> The data:
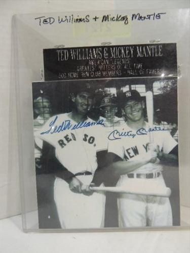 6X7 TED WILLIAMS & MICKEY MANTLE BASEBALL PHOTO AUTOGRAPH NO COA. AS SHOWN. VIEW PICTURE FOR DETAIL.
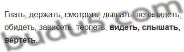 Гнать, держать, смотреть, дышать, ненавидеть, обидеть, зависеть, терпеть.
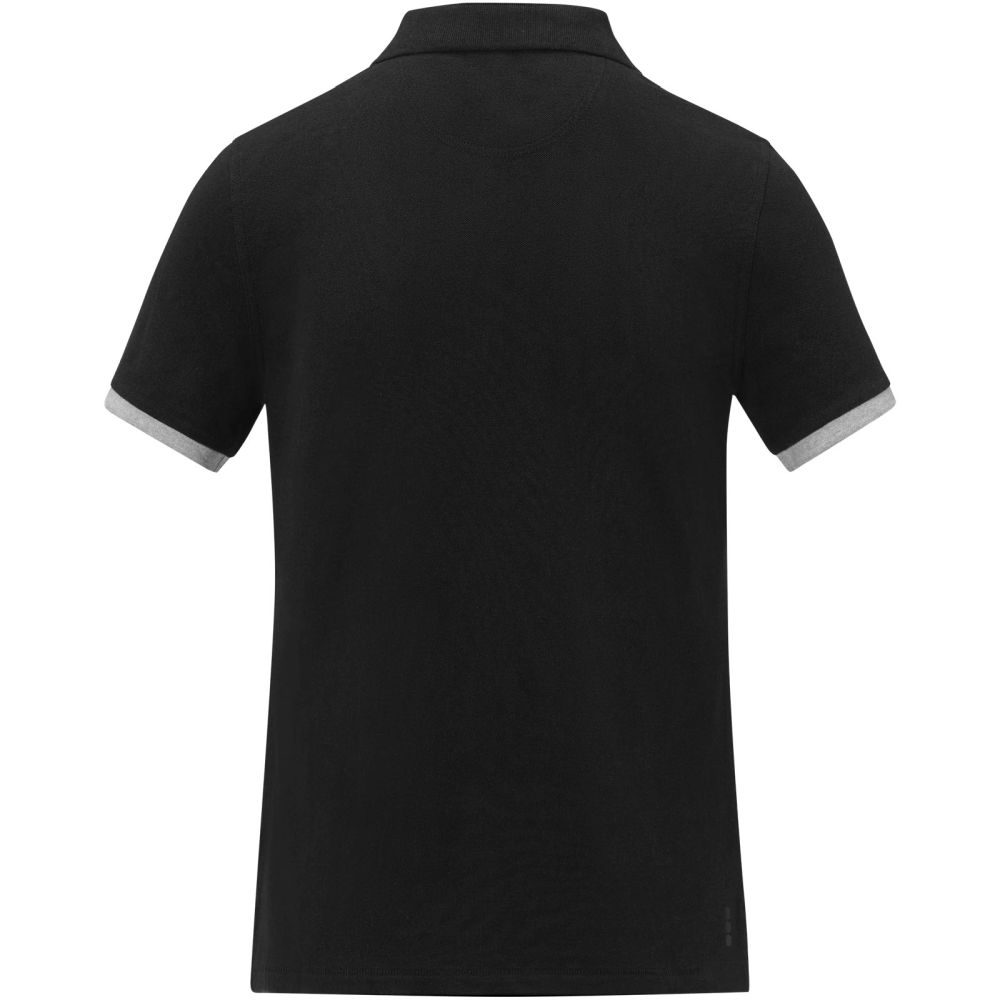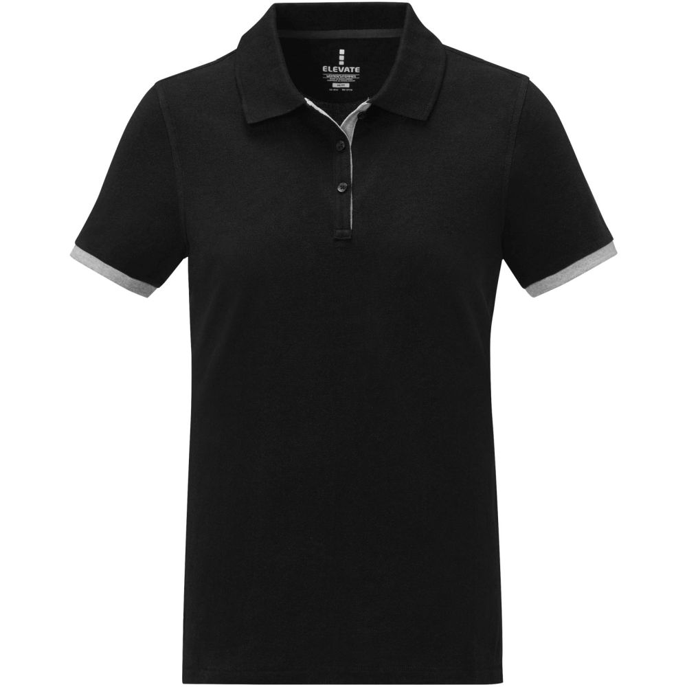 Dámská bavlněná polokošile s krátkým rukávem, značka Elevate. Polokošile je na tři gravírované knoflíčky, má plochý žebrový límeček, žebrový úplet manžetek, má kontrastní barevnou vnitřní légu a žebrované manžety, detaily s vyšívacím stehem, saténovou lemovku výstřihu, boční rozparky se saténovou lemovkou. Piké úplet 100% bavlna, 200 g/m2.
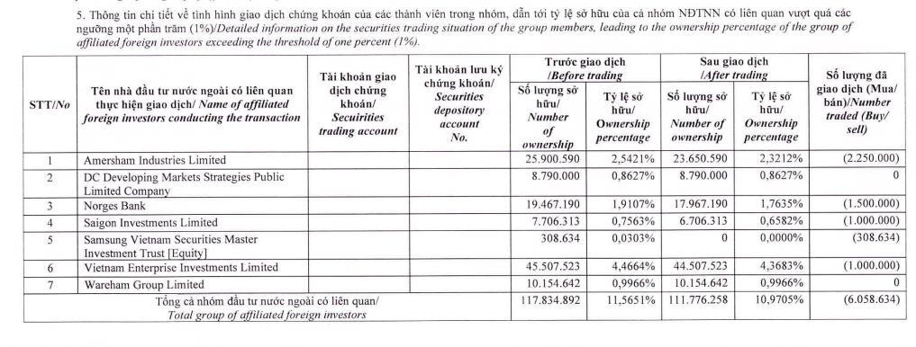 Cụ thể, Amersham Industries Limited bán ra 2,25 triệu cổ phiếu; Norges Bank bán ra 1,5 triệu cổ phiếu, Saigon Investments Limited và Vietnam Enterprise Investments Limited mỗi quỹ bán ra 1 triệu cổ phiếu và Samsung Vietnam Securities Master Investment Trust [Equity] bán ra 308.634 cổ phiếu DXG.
--
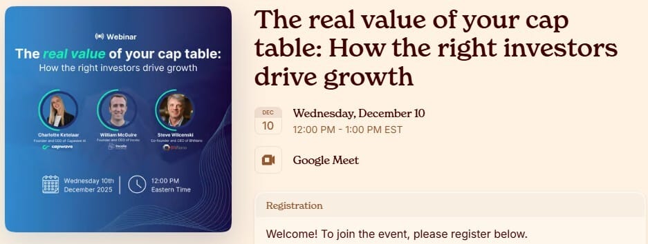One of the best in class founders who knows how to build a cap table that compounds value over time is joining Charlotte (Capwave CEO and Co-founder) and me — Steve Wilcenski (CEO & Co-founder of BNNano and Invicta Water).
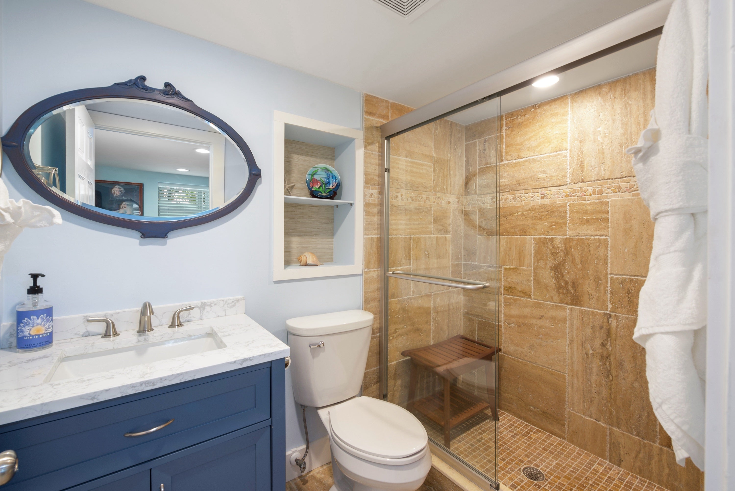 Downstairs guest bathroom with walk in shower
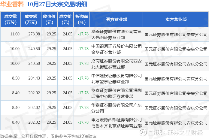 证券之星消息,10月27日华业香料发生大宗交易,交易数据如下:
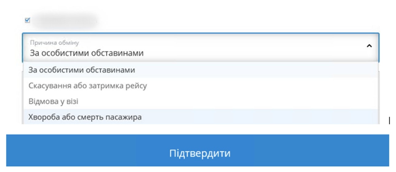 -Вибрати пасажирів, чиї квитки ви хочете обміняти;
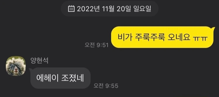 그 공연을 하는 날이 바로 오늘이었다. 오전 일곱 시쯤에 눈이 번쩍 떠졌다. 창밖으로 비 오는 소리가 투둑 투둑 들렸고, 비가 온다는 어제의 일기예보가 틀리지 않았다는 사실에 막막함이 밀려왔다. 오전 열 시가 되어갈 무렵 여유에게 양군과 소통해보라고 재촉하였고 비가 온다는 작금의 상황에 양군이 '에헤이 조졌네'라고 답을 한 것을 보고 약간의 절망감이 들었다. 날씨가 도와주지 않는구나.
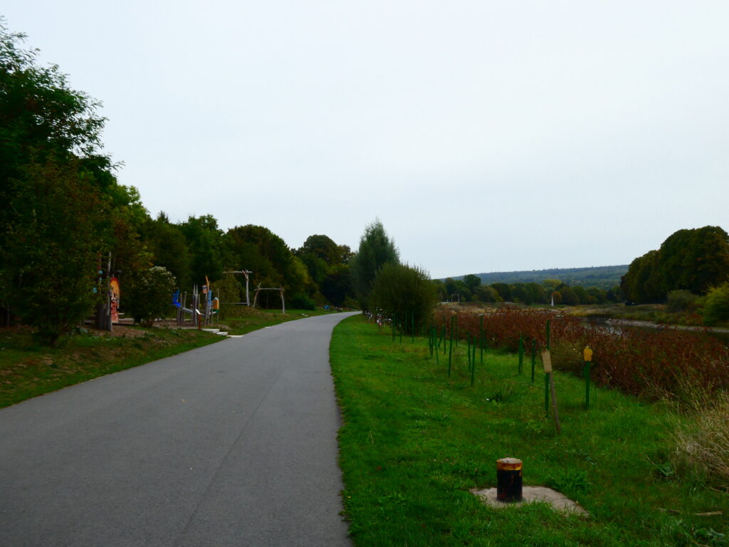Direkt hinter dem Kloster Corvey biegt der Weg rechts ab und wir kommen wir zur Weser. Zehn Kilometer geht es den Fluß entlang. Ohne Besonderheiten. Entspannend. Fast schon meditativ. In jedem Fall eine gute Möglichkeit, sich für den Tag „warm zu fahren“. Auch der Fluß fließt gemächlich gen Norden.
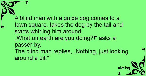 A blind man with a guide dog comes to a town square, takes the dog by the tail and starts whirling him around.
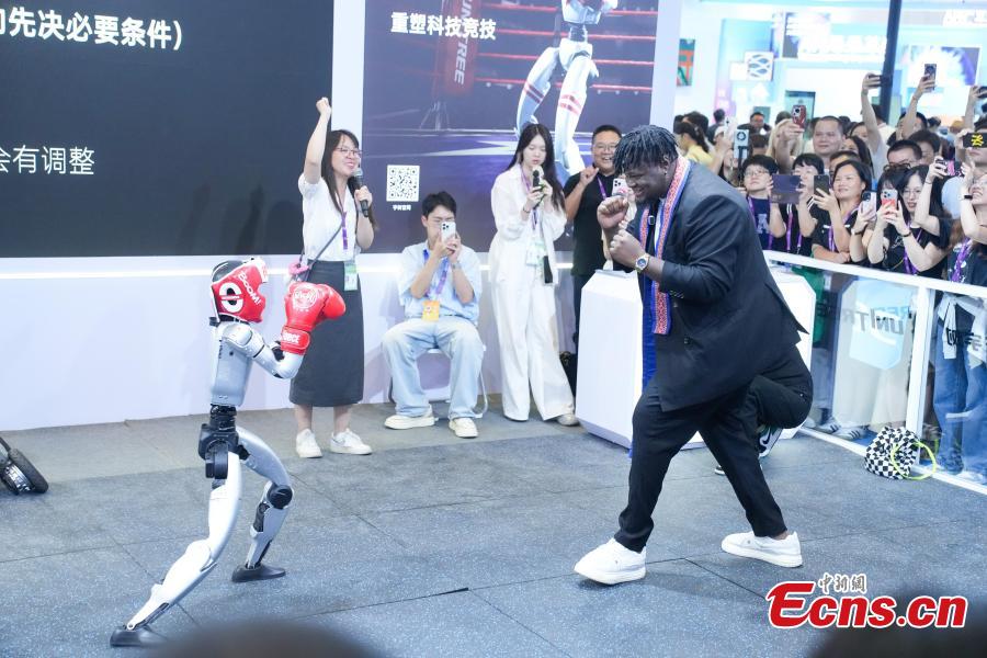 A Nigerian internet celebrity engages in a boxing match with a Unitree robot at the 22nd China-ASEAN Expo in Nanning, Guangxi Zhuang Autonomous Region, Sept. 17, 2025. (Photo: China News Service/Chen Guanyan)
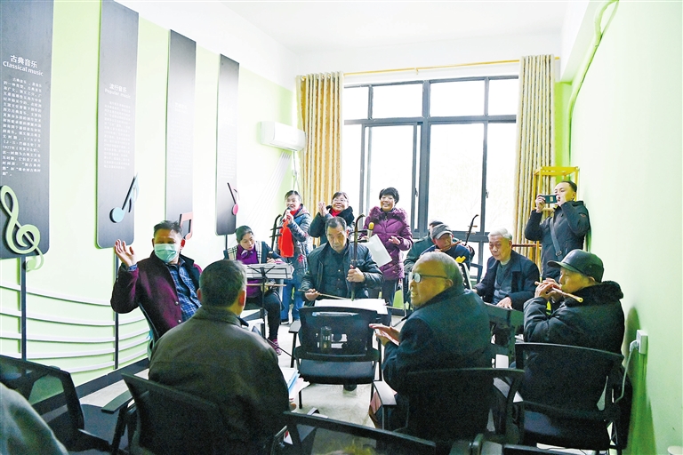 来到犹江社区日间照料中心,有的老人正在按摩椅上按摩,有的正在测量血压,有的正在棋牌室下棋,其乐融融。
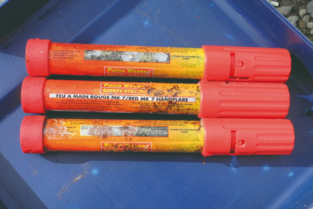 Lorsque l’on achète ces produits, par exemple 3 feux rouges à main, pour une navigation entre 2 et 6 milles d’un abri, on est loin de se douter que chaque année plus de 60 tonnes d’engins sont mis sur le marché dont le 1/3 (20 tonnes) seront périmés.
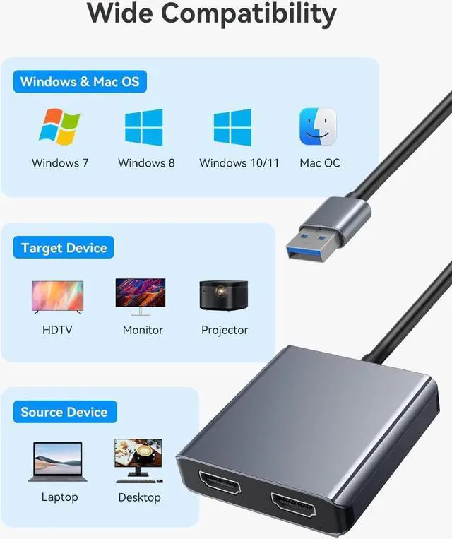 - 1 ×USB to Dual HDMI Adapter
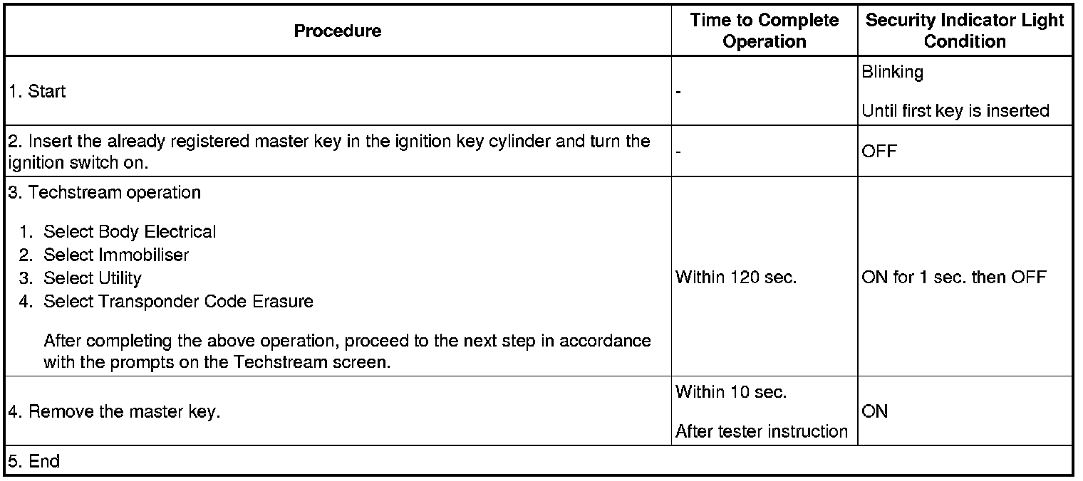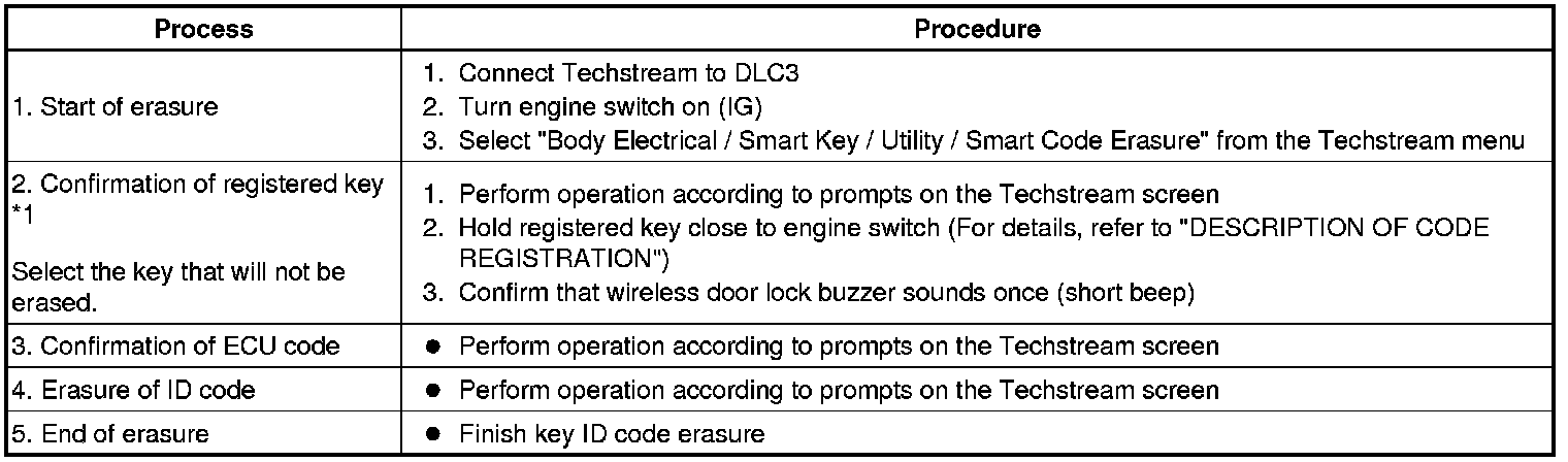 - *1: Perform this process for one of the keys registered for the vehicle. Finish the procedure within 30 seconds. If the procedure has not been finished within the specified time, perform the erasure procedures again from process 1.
==
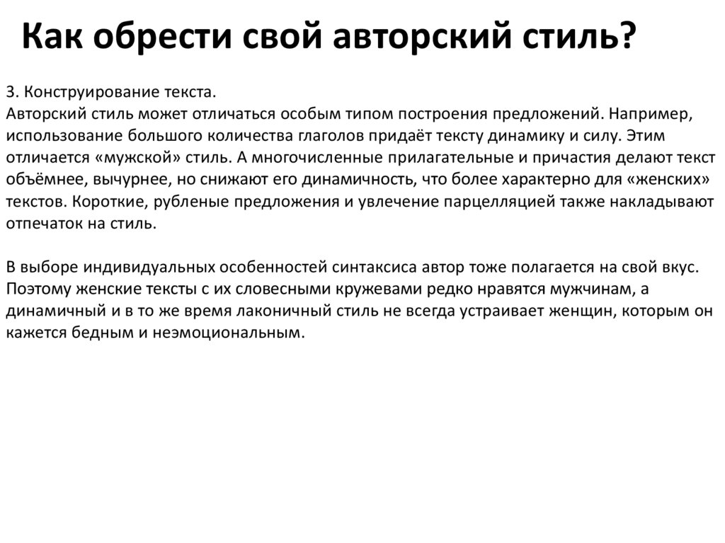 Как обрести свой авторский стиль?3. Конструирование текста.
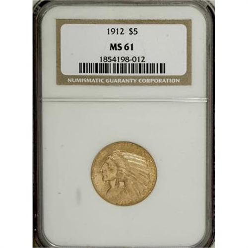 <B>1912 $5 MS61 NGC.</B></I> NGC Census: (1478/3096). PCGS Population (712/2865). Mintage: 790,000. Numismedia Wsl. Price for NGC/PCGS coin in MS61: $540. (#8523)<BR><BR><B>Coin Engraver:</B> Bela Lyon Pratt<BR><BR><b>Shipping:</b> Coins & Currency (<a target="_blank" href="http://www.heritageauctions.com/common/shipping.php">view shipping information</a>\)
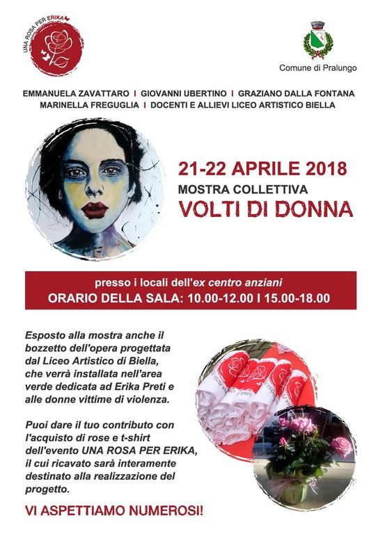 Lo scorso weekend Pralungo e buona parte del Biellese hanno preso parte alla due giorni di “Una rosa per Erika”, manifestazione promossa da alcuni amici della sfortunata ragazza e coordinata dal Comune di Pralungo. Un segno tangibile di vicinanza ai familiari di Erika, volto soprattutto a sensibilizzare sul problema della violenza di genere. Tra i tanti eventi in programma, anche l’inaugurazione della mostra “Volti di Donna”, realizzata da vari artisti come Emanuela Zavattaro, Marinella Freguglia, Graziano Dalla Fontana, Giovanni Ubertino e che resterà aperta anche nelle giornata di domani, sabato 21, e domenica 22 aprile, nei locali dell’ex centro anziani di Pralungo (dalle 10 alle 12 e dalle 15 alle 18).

> Problem details:
From the records above, quote word for word only the lines beginning at the line that has "6X7 TED WILLIAMS" and stopping after the line that has "Cụ thể, Amersham". Omit the pictures.

> Your response:
 6X7 TED WILLIAMS & MICKEY MANTLE BASEBALL PHOTO AUTOGRAPH NO COA. AS SHOWN. VIEW PICTURE FOR DETAIL.
 Гнать, держать, смотреть, дышать, ненавидеть, обидеть, зависеть, терпеть.
 Dámská bavlněná polokošile s krátkým rukávem, značka Elevate. Polokošile je na tři gravírované knoflíčky, má plochý žebrový límeček, žebrový úplet manžetek, má kontrastní barevnou vnitřní légu a žebrované manžety, detaily s vyšívacím stehem, saténovou lemovku výstřihu, boční rozparky se saténovou lemovkou. Piké úplet 100% bavlna, 200 g/m2.
 Cụ thể, Amersham Industries Limited bán ra 2,25 triệu cổ phiếu; Norges Bank bán ra 1,5 triệu cổ phiếu, Saigon Investments Limited và Vietnam Enterprise Investments Limited mỗi quỹ bán ra 1 triệu cổ phiếu và Samsung Vietnam Securities Master Investment Trust [Equity] bán ra 308.634 cổ phiếu DXG.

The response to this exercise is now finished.